私たちが造っている様な職人の手を介するものは地場産業であり、
心も手も込められたものであり、扱ってくださる方々もよく理解してくださっています。
だからこそ、欠品=付加価値的な捉われ方もありますが、
『便利』の上に成り立つ商売に於いては、
欠品=存在価値の消滅
になるのでしょう。

メーカーとしては、最高の品質のものをお客様へお届けしたいと
感じているのはどんな業態であっても同じであると思いますが、
メーカーだけでは商品を流通させることは非常に難しく、
必然的に、問屋業や小売業にお世話になっているのが現実なのです。

誰かに売っていただかなければ自社が在庫を抱えてしまうのです。
売れずに会社が潰れてしまうことだって大いに考えられます。

その為に、多少の無理を承知で受注をしてしまっている現実があり、
賞味期限が近付けば返品が生じ、新たな商品を送らなくてはならないのです。
そこに次第と拍車がかかってきて賞味期限の改ざん等に繋がってきたのではないでしょうか。

よくコンビニエンスストアやデパートで賞味期限の過ぎたお弁当を捨てるシーンをTV等で見ます。

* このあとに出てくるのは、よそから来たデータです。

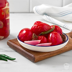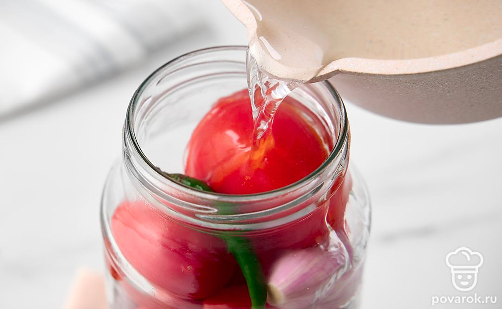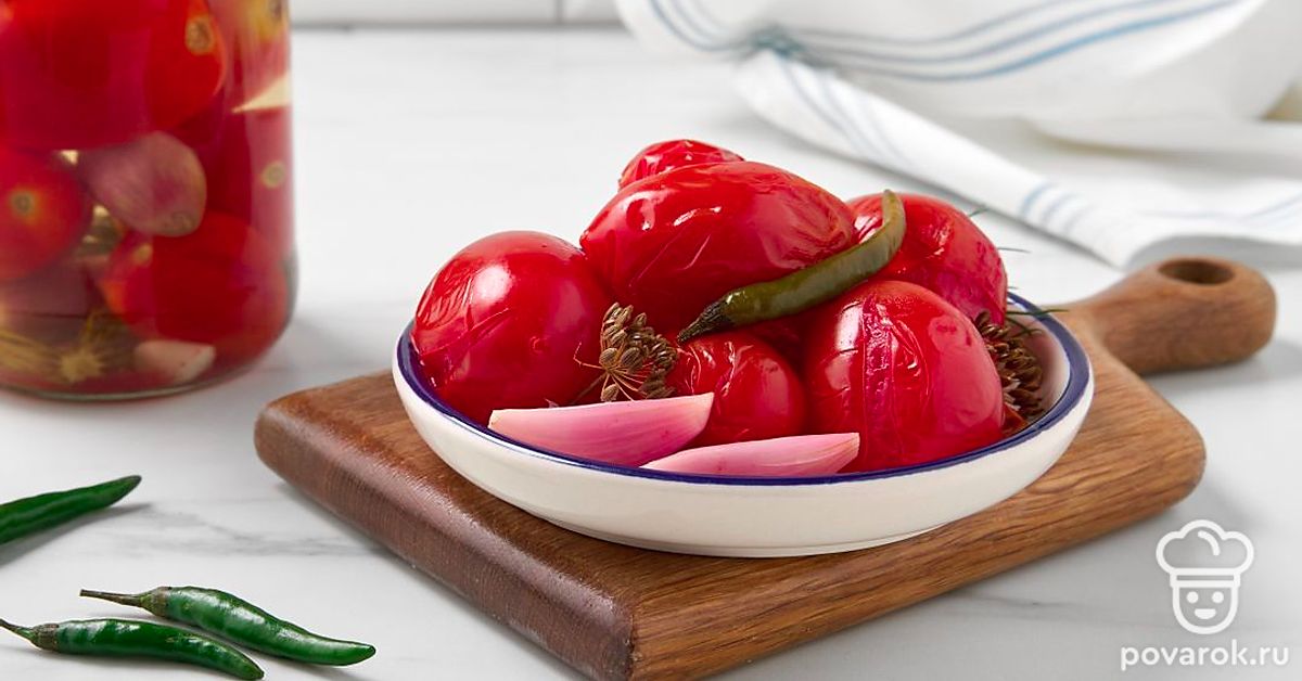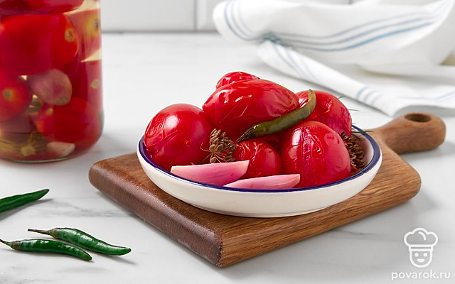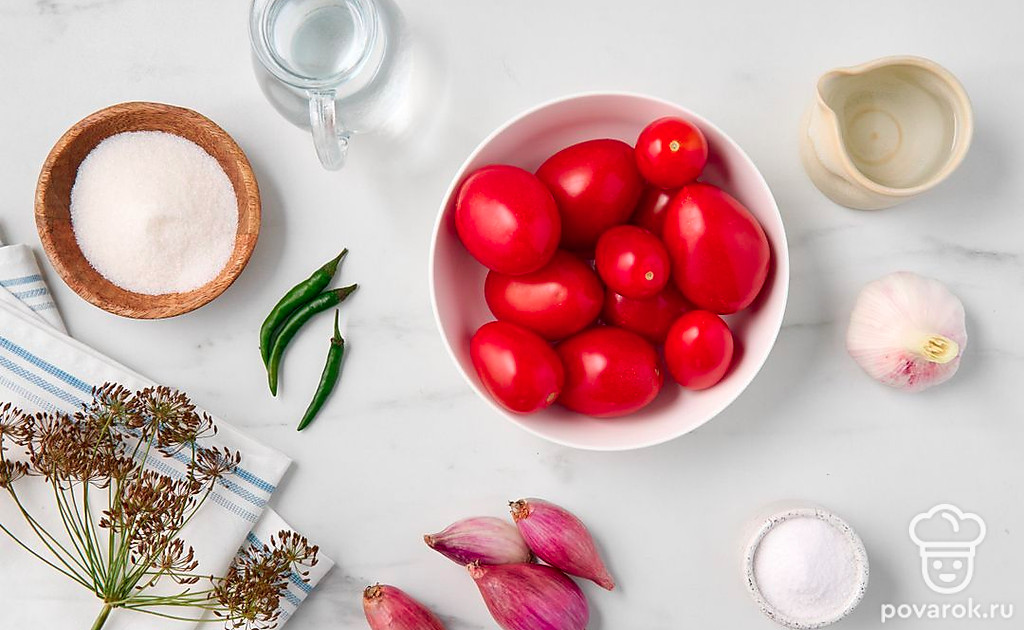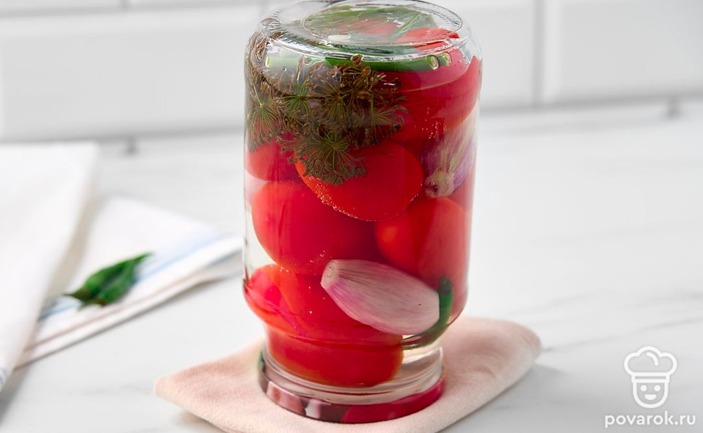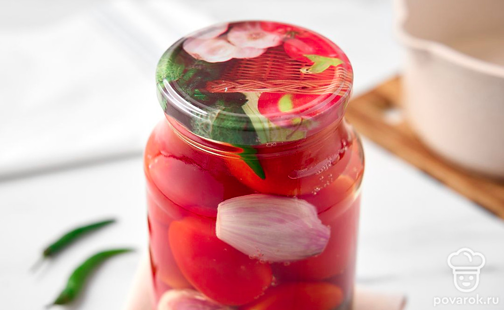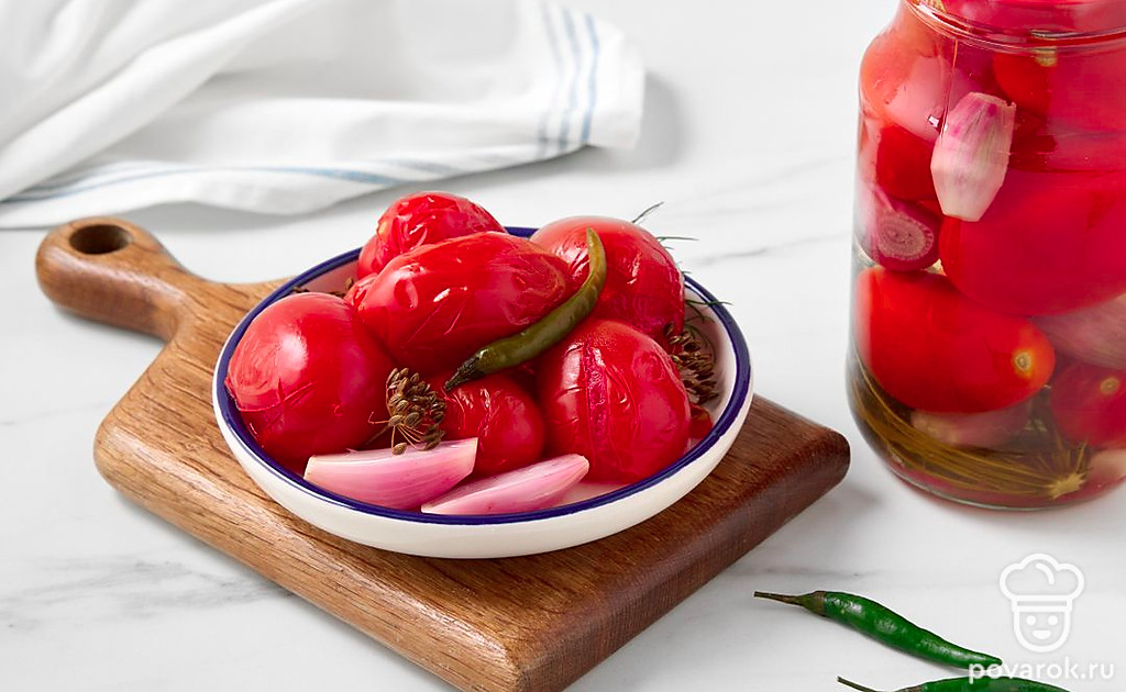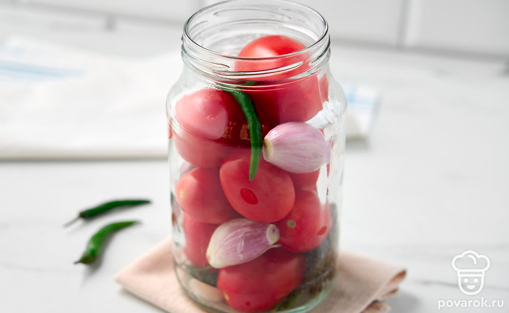 Маринованный лук придаст сладким помидорам освежающе-пикантный привкус с легкой горчинкой. Заготовка дополнит блюда из картофеля и мяса, заменит свежий лук и помидоры в зимних салатах. Выберите спелые, но крепкие помидоры небольшого размера, например, сливовидные или крупные томаты черри. Вместо лука-шалот подойдут маленькие луковицы обычного репчатого лука или жемчужный лук.
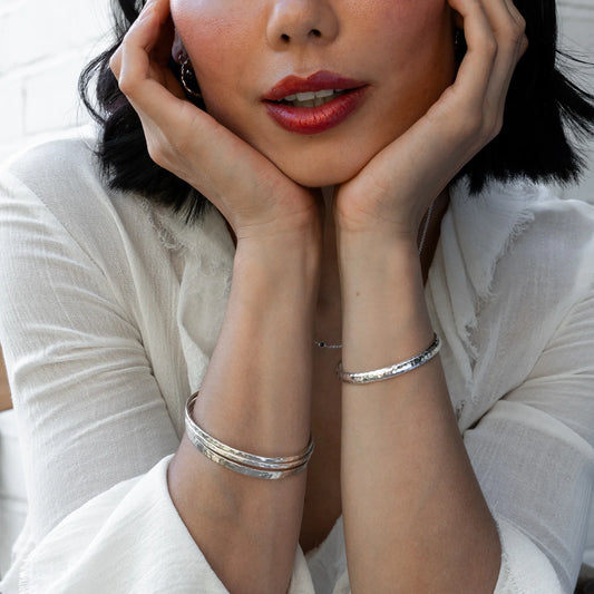 DOWER & HALL 3mm Hammered Nomad Bangle NBG25-S-MED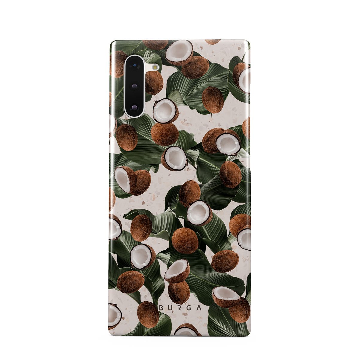 Coconut Crush Samsung Galaxy Note 10 phone case showcases a soft creme color design with a playful addition of coconuts on top. The unexpected design duo will add a touch of tropical playfulness to your style while offering heavy-duty protection for your cell phone.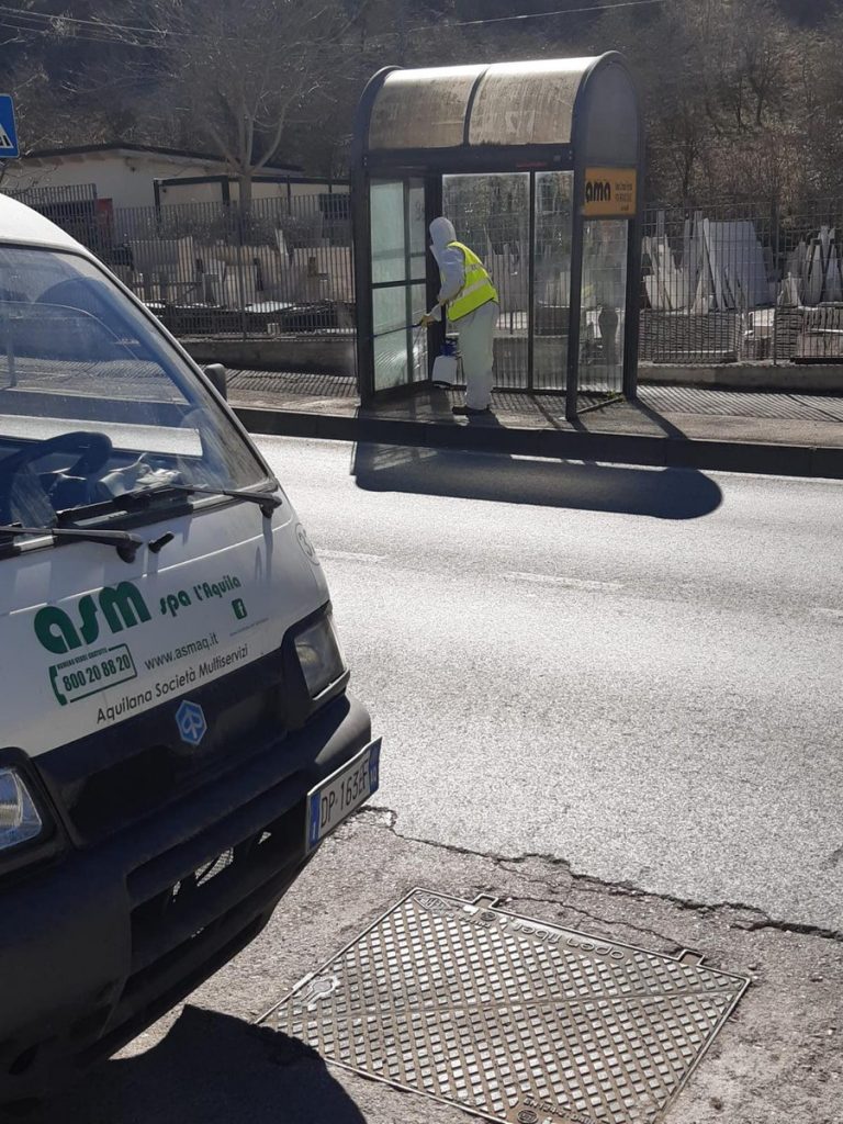 Continua la campagna di igienizzazione del Comune dell’Aquila. Una trentina i punti al centro della campagna di sanificazione, su cui gli operai dell’Asm – l’azienda municipale che si occupa della pulizia ambientale e della gestione dei rifiuti urbani _ intervengono con ipoclorito per cercare di eliminare il coronavirus. Anche se l’utilizzo del sanificante anti microbico non convince tutti, per primo il sindaco dell’Aquila, che ieri, nella sua consueta conferenza stampa in diretta Facebook, ha espresso i suoi dubbi sull’efficacia: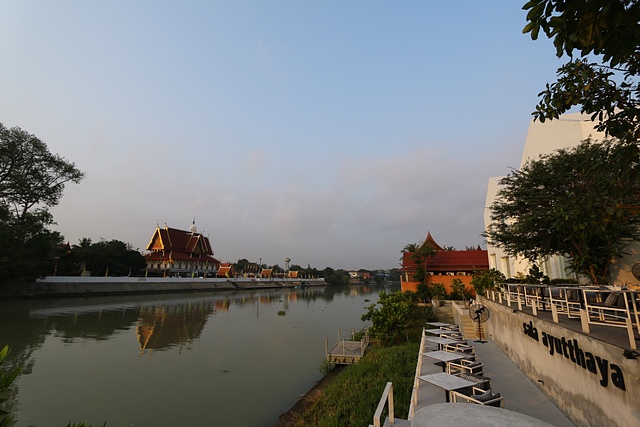 七点开始早餐供应,强烈建议七点半就来河边用餐,有温暖的日出色温,气温也不至于炎热。太阳从面对Wat Phutthaisawan的左方升起,右方落下,因此Sala Ayutthaya并无正背光的问题,日升日落都有卖点。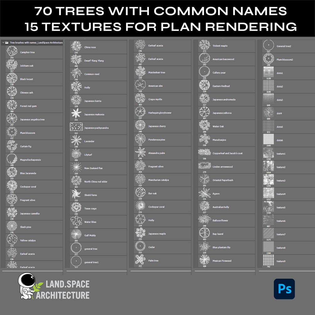 Content: The ultimate package for top view landscape plan and design. With 70 common name trees, 15 plan rendering textures, and 36 ready-to-use PSD trees, bring your vision to life with ease. Elevate your landscape designs today!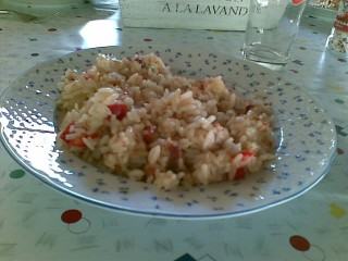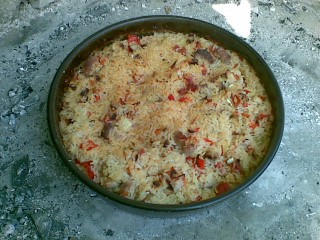 Danes smo imeli rižoto izpod peke. Ideja, ki se je v prvem trenutku zazdela kot en trapast domislek, ki je zrasel na zeljniku ta starejšega, se je kasneje, v tepsiji in še kasneje, na krožniku, izkazala za zelo domiselno in predvsem vredno vilic in želodca. Bodo ponovitve. Na sliki izgleda sicer suha, ampak je to samo na vrhu, kjer je nastala slastna skorjica, ko smo jo premešali, so se okusi razporedili, mmmm.... Aha, pol so sledili še sirov in bučni in češpljev štrudelj (sem naredila malo preveč vlečenega testa, no, pa kaj, glavno, da sem imela surovine za nadeve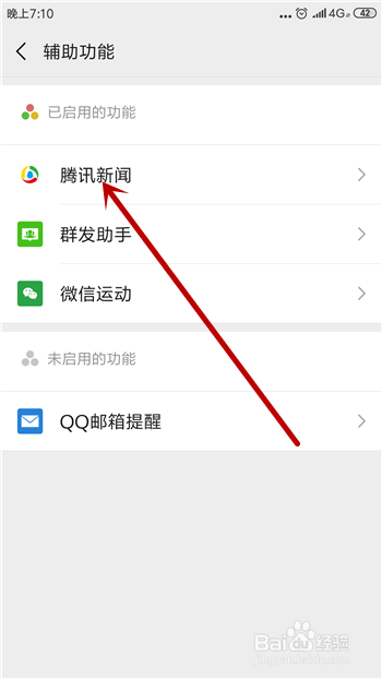 在辅助功能里可看到开启利用的有【腾讯新闻】,点击起头设置。

はっきり言って、そこで捨てられたものもまだまだ食べられますよね。
今では家畜の飼料として再利用はされているようですが、
地球上には食料難で苦しんでいる人々も山ほどいるんです。

そんな人々の前で、賞味期限を一時間過ぎたからと言って、
食べられる食材を捨てることが出来ますか?????

捨てるんだったら、作らなければいいじゃないですか。
商品が売切れてしまったら、それでいいじゃないですか。
そんなに必死になって売らなければ皆さん死んでしまうほど危機に陥るのですか。

便利を追求しすぎたからこそ、
その弊害として食品偽装問題が多発しているのでは…と感じる節もあります。

もっと『食べる』と言うことに対して、人々が素直に向き合って欲しいと思います。
欲しい時に欲しいものが手に入るなんて世の中、おかしすぎると思います。
自分の欲求に対して『我慢』することをしなくてはダメだと思います。

そういう意味では、酒造りの為に田舎に帰りましたが、
田舎の生活と言うのはいいものです。

いつでも、どこでも、欲しいものは大して手に入りません。
手に入れるためには車で一時間なり、電車で一時間なり、
下手すれば取り寄せなくてはならず、2-3日待つことも。

それでいい気がします。
そう焦らずとも、豊かな生活はできるのです。